I am Steve Kerrison, a Senior Research Associate in the Microelectronics Research Group at the University of Bristol. I'm attached to the EMC2 project, working on predictable networks for mixed-criticality embedded multi-core systems. My previous project was ENTRA: Whole Systems Energy Transparency. I also direct teaching units for Bristol's MSc Computer Science degree programme. I have a PhD in Computer Science and a 1st Class MEng in Computer Systems Engineering (Computer Science & Electronics) from the University of Bristol.
In September 2015 I was awarded my PhD. My thesis is titled Energy modelling of multi-threaded, multi-core software for embedded systems. It is available online in standard (coloured hyperlinks) and print (black hyperlinks) format under a Creative Commons Attribution-NonCommercial-NoDerivatives 4.0 International License.
A full list of my publications can be found via the University of Bristol's Research Information portal.

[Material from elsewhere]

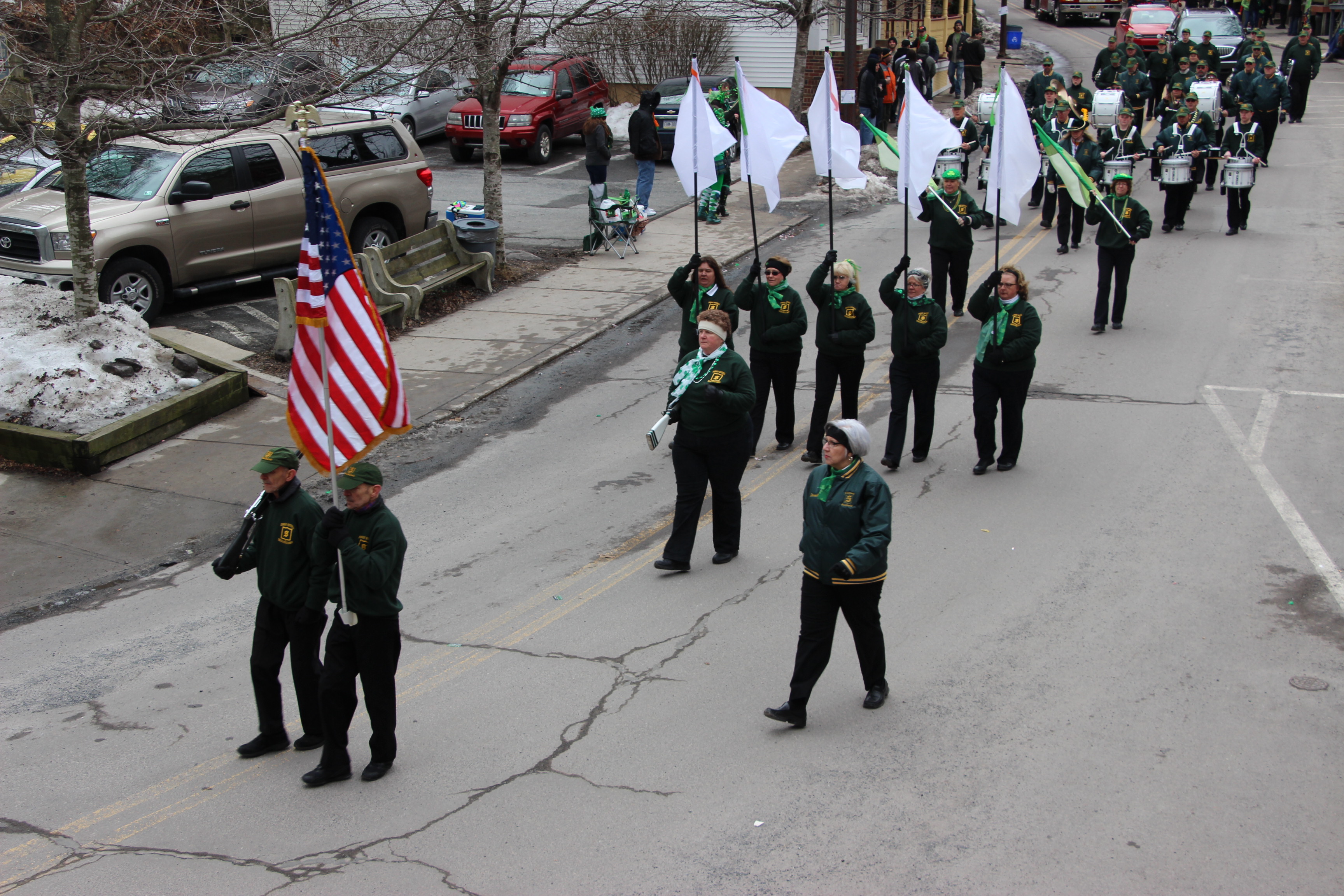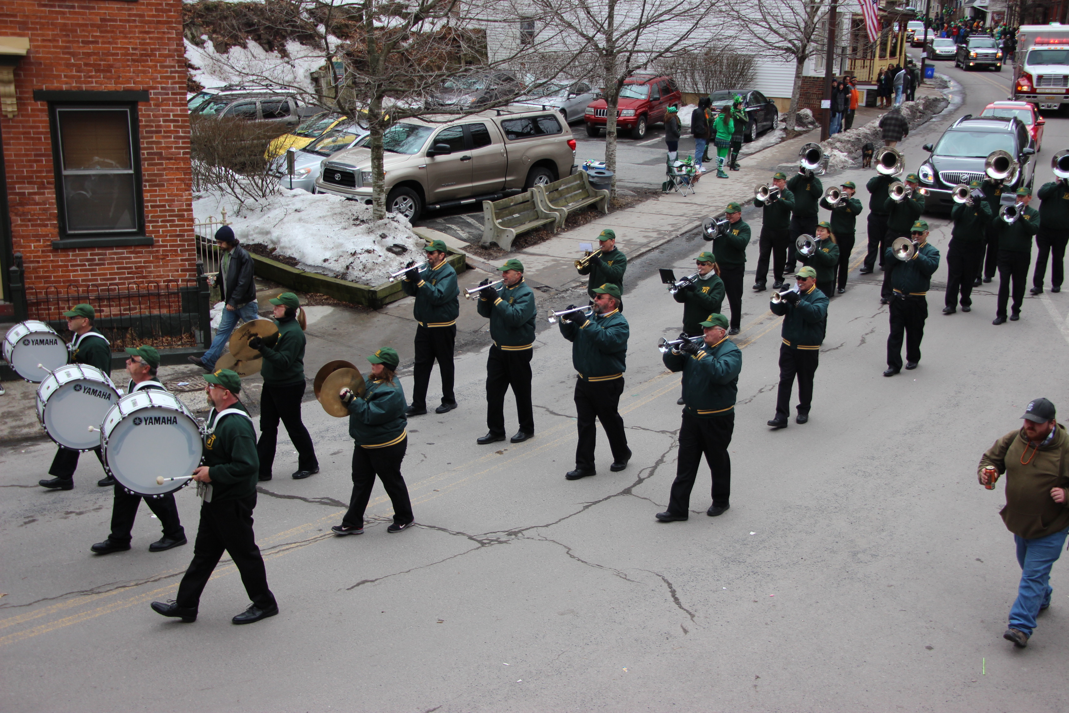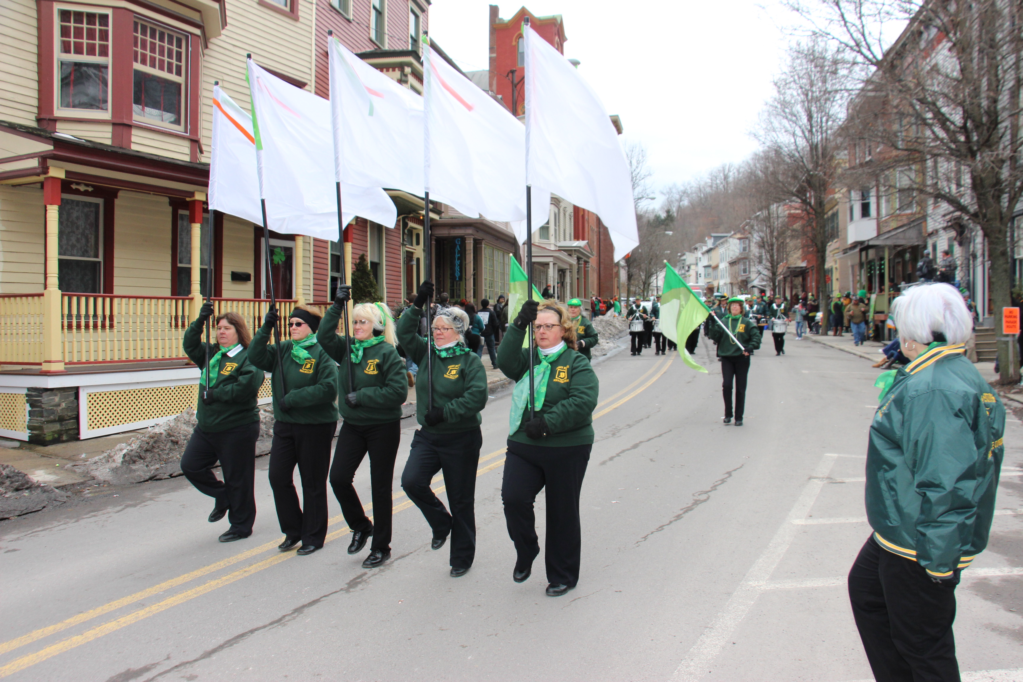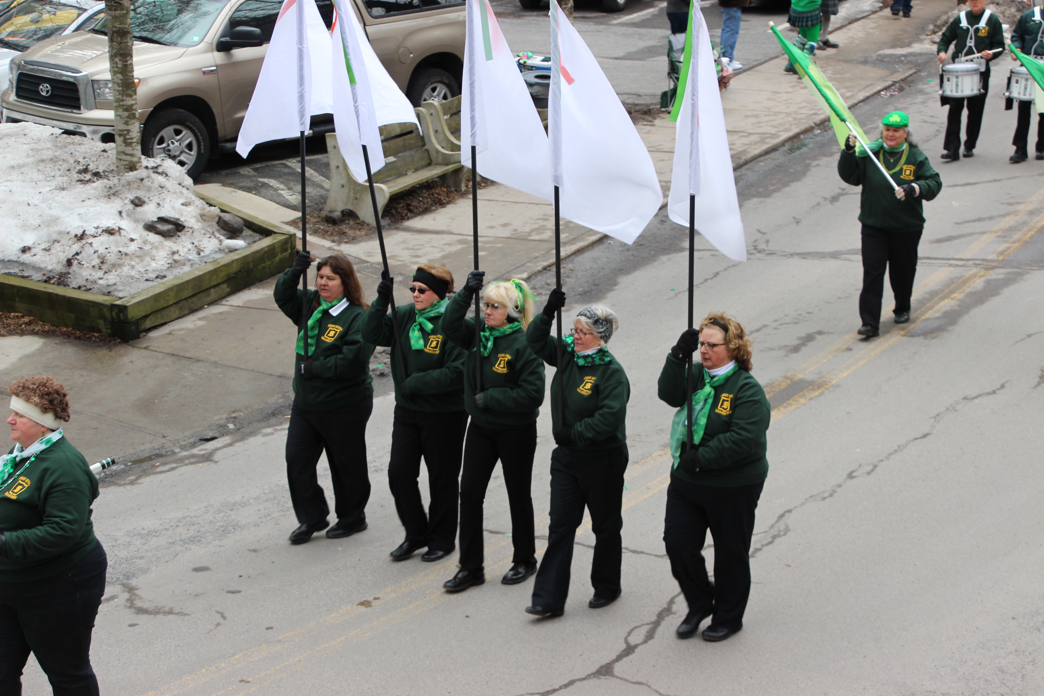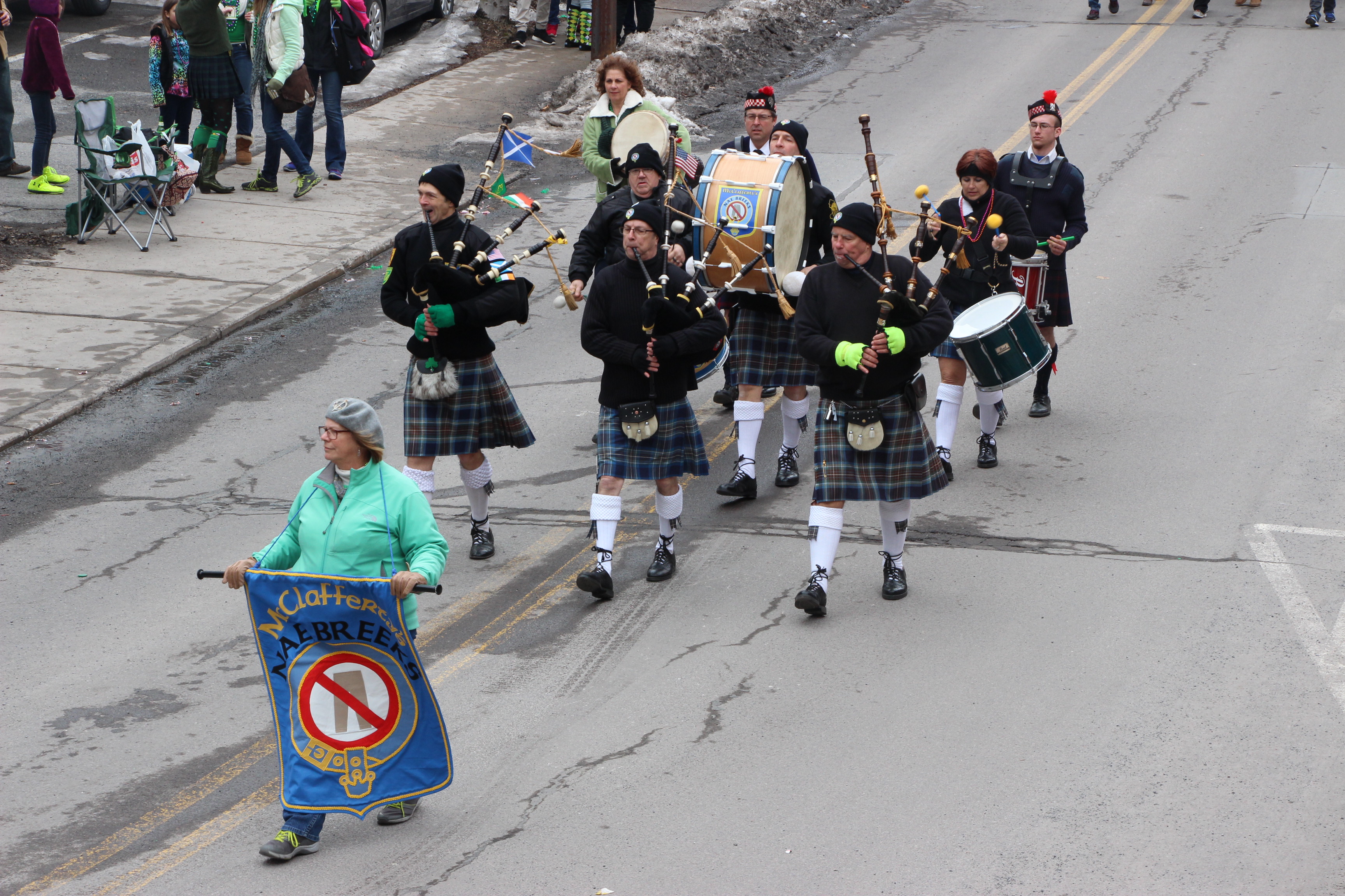 Jim Thorpe Police Department Cruiser and Mayor Michael Sofranko, Banner of St. Patrick, Grand Marshal Gary Dobias, Aides to the Grand Marshal, Lochiel Emerald Society Pipe and Drums, Ancient Order of Hibernians, Carbon County Chapter; Ladies Ancient Order of Hibernians, Carbon County Chapter; Chuck Thamarus Truck; California Raisins Volkswagon Beetle; Jim Thorpe Area High School Band; Congressman Matthew Cartwright; State Senator John Yudichak; State Representative Doyle Heffley; Carbon County Commissioners Thomas J. Gerhard, Wayne Nothstein and William O’Gurek; District Attorney Jean Engler; Carbon County Prothonotary Joann Behrens; Carbon County Director of Veterans’ Affairs Henry Desrosiers; Ceol Neamh; Lehigh County Ancient Order of Hibernians; Schuylkill-Carbon Marine Corps League Detachment 626; Quitapahilla Highlanders Pipe Band; U.S. Postal Service truck; Eclectic Circus; Bear Creek Golf Carts; and Sinister Rouge Pin Up and More.

In the first year of my PhD I was installed at a local chip company called XMOS. The company makes innovative high performance multi-threaded & multi-core embedded processors with an instruction set that gives you direct control over many aspects of I/O, allowing you to do in software what previously required a separate ASIC or FPGA. I've been using their architecture as part of my analysis into software energy modelling and optimisation.
I am also a self employed web developer and systems administrator with over 6 years of experience in developing for high traffic environments, principally within the Unix/Apache/PHP/MySQL stack, but also with experience in Nginx (moreso than Apache these days) and Memcached. I used to use FreeBSD servers a lot and have experience with ZFS on both FreeBSD and OpenSolaris (NexentaCore), as well as now on Linux. In addition, I have an appreciation of infrastructure issues that are overlooked by those with less experience. I am (as is abundantly clear from this page) not a graphic designer. Graphic design and web development are two distinct roles, but one cannot function well without the other.
I look after systems and services for BOXFX, a video production & graphics design company, as well as HEXUS, an online technology publication with millions of monthly visits. I also developed my research group's website in cooperation with a fellow PhD student, although I do not currently maintain it.
I work very closely with Snap Fashion, a web start-up that combines an amazing piece of image processing technology (created by the founder) with a fashion shopping portal. I have been involved since its infancy and am responsible for server infrastructure as well as optimisation of the technology at the heart of Snap Fashion.
In 2010/11 I did some work on a Linux driver for the PCTV nanoStick T2 290e; a USB DVB-T2 (Freeview HD) tuner.